Using server-side Swift for machine learning processing
In this tutorial learn how to use a machine learning model in a Vapor server using Swift.
Apple has always been advocating for taking advantage of the powerful on-device machine learning processes in its ecosystem. From building to training and deploying models, Core ML offers lightning-fast performance and makes it simple to integrate machine learning models into your apps. To better understand how the Core ML framework works in details, check this tutorial.
However, in this never-ending progression of AI, the emerging technologies related to generative algorithms make things a bit trickier: heavy models can often require a significant expenditure of resources when processing on-device.
Updates to Machine Learning models are now a daily news item that reaches us on our trusted social networks. Even Apple has been associated with several rumors regarding possible developments and investments in the field of AI. Therefore, learning to interrogate models has become a necessary skill nowadays.
That being the case, if you have always wondered how to optimize the processing resources and introduce a decent level of decoupling for a more solid product, this is the right resource for you.

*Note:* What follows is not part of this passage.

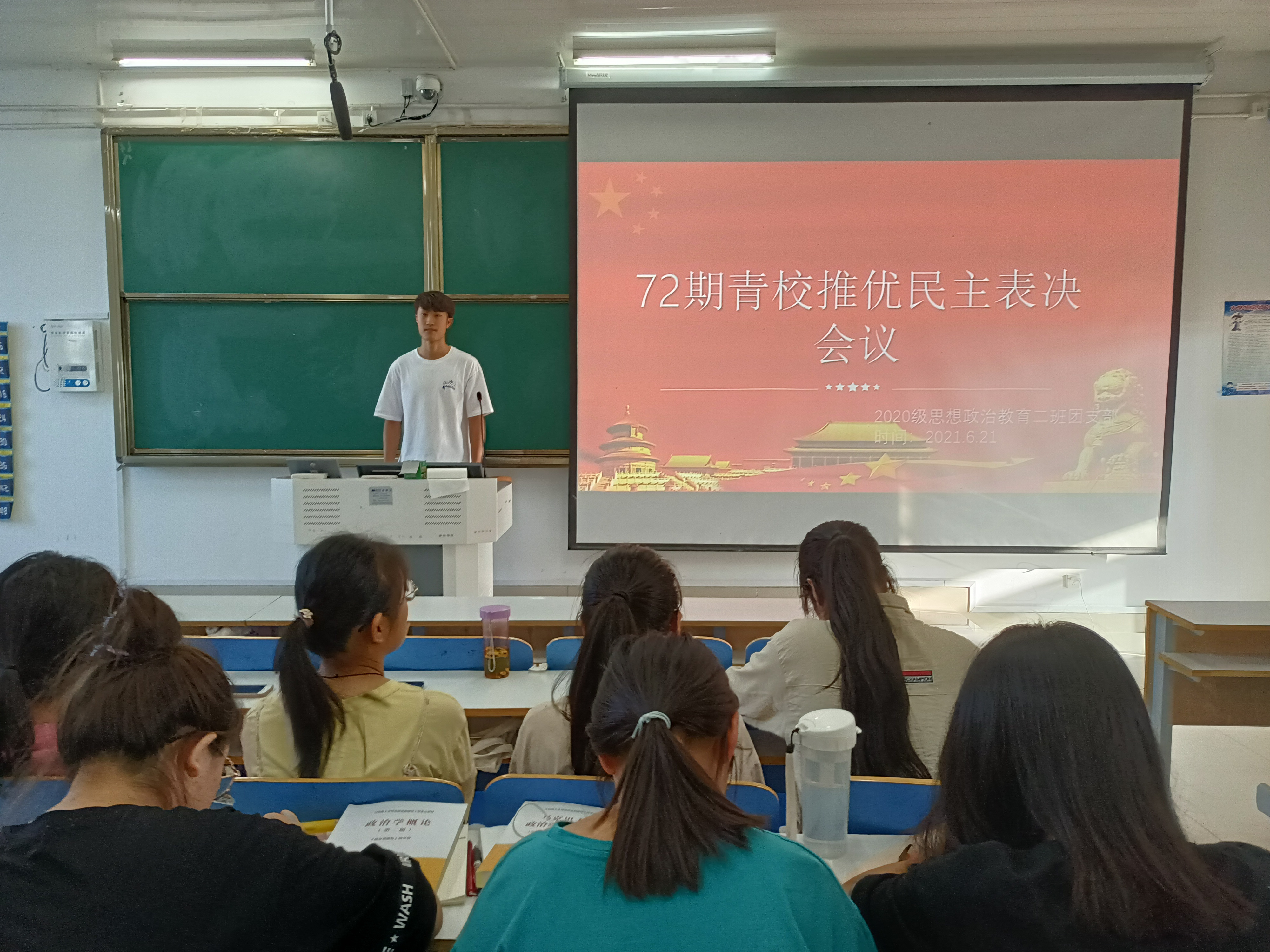 6月21日下午,新葡萄8883官网AMG2020级思想政治教育二班在社科楼514教室顺利召开第72期青校学员推优民主表决团支部大会。2020级思想政治教育二班全体团员共同参与本次会议。

In this tutorial, you will discover how to host both Machine Learning models and functionalities on a server-based project using Vapor and get direct results in your SwiftUI-based client app without overloading your portable device’s memory.
Before we start
To follow this tutorial and easily get through it, you might need a good understanding of Swift, Core ML, Vision, Vapor, and a little knowledge of terminal commands.
Briefly introducing Vapor: it is a web framework for Swift that allows you to write web apps, Rest APIs, and HTTP servers in Swift.
In particular, it is designed with three principles in mind:
- It leverages the Swift language and all the benefits it offers.
- It is built on top of Apple's SwiftNIO, with a non-blocking, event-driven architecture in mind.
- It offers itself as expressive, protocol-oriented, and focused on type safety.
In addition, another incredible benefit of using Vapor for your backend is the community that is present behind the project. Indeed, it includes over a hundred official and community-maintained server-first Swift packages that you can use to create an experience based on your needs.
If you would like to find out more about Vapor, or better understand its architecture, we invite you to take a look at the official documentation, which is also very complete and includes some practical examples.
Now let’s get straight into the tutorial, shall we?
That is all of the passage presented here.